Second, Casiano claims that Officer Kuzo had a duty to take corrective action to address the mishandling of his mail and did not do so. Casiano alleged that Officer Kuzo's actions or inactions constitute misfeasance and nonfeasance. In Palmer v. Doe (Pa. Cmwlth., No. 2451 C.D. 2015, filed May 5, 2016) (unreported), this Court explained:
Misfeasance is defined as: "A lawful act performed in a wrong manner." BLACK'S LAW DICTIONARY 1021 (8th ed. 2004). Nonfeasance is: "The failure to act when a duty to act exists." Id. at 1080. As further explained in Black's Law Dictionary: "[T]here arose very early a difference, still deeply rooted in the law of negligence, between 'misfeasance' and 'nonfeasance'—that is to say, between active misconduct working positive injury to others and passive inaction or a failure to take steps to protect them from harm." Id. (quoting W. Page Keeton et al., PROSSER AND KEETON ON THE LAW OF TORTS § 56 at 374 (5th ed.1984)).Palmer, slip op. at 7. As discussed above, the complaint averred that the mailroom did not deliver his mail and, instead, returned it in retaliation for his prior grievance complaining about the mishandling of his mail. Officer Kuzo determined that the mail was returned because "the name on the mailing was different from [Casiano's] commitment name" and that this comported with the Department's mail policy. Complaint at 4, ¶¶18-19.
The complaint did not allege that Officer Kuzo was negligent in performing his duties or that Officer Kuzo was acting outside the scope of his employment. Additionally, there is no cause of action for the mishandling of an inmate's grievance. See Samuels v. Walsh (Pa. Cmwlth., No. 318 C.D. 2014, filed November 17, 2014) (unreported). For these reasons, Casiano's tort claim against Officer Kuzo is barred by sovereign immunity.

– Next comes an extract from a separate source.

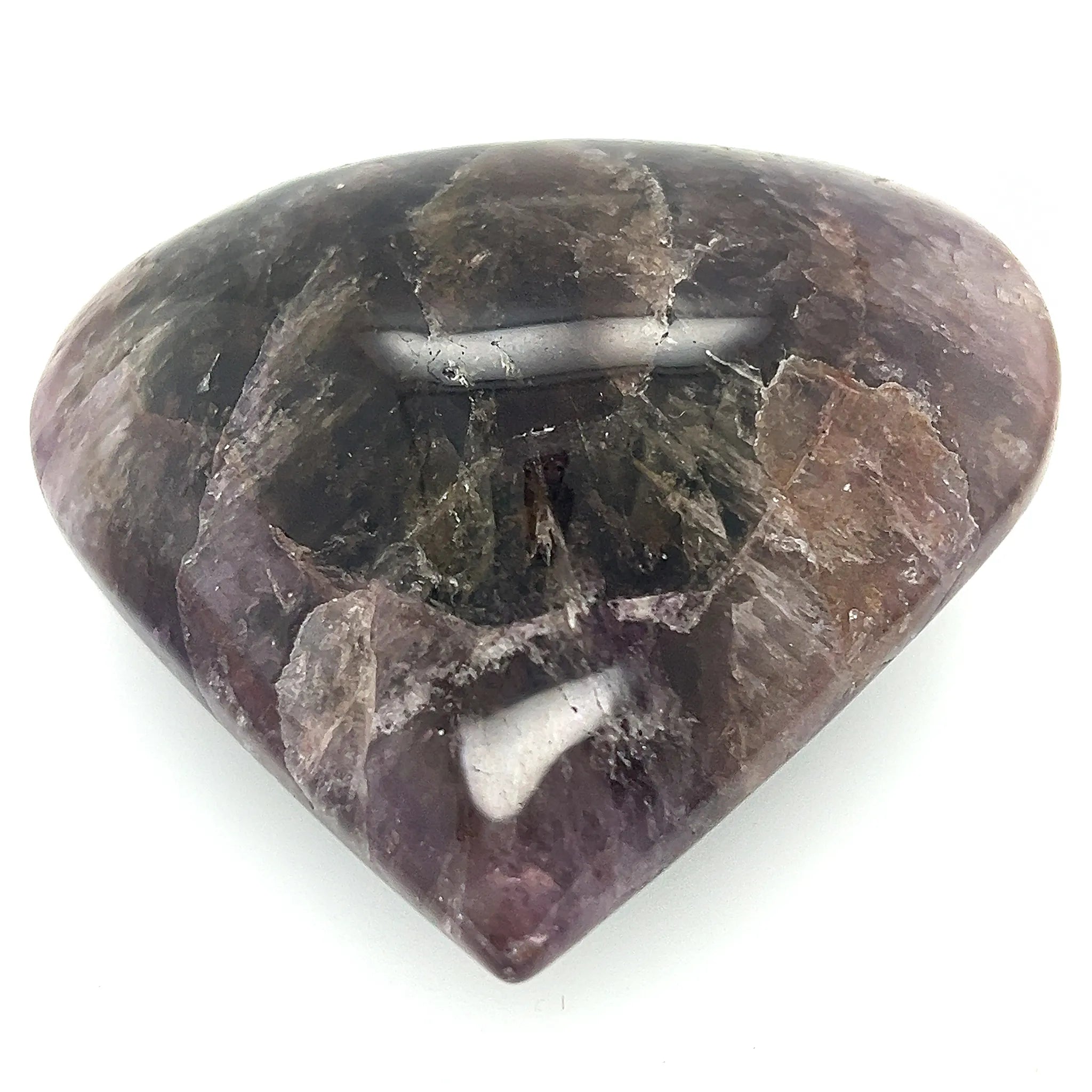 The Super Seven Large Polished Heart is a unique crystal renowned for its blend of seven distinct minerals: Amethyst, Quartz, Smoky Quartz, Cacoxenite, Rutile, Goethite, and Lepidocrocite.

Third, Casiano alleges that the Superintendent at SCI-Mahanoy established a policy that allowed his mail to be returned for "arbitrary and frivolous reasons." Complaint at 8, ¶36. Casiano did not allege that the Superintendent acted negligently or outside the scope of her duties. Therefore, the Superintendent's action is protected by sovereign immunity. La Frankie, 618 A.2d at 1149. Further, Section 8522(b)(3) of the Judicial Code does not waive sovereign immunity for officials or employees with respect to the creation and enforcement of policies. 42 Pa. C.S. §8522(b)(3).

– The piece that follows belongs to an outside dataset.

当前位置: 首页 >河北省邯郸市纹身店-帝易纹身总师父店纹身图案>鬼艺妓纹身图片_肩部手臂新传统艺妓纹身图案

For the foregoing reasons, we hold that the trial court did not err in denying Casiano's request to proceed in forma pauperis and dismissing his complaint pursuant to PA. R.C.P. No. 240(j). We affirm the order of the trial court.
MARY HANNAH LEAVITT, President Judge ORDER
AND NOW, this 10th day of July, 2019, the order of the Court of Common Pleas of Schuylkill County dated July 6, 2018, in the above-captioned matter is AFFIRMED.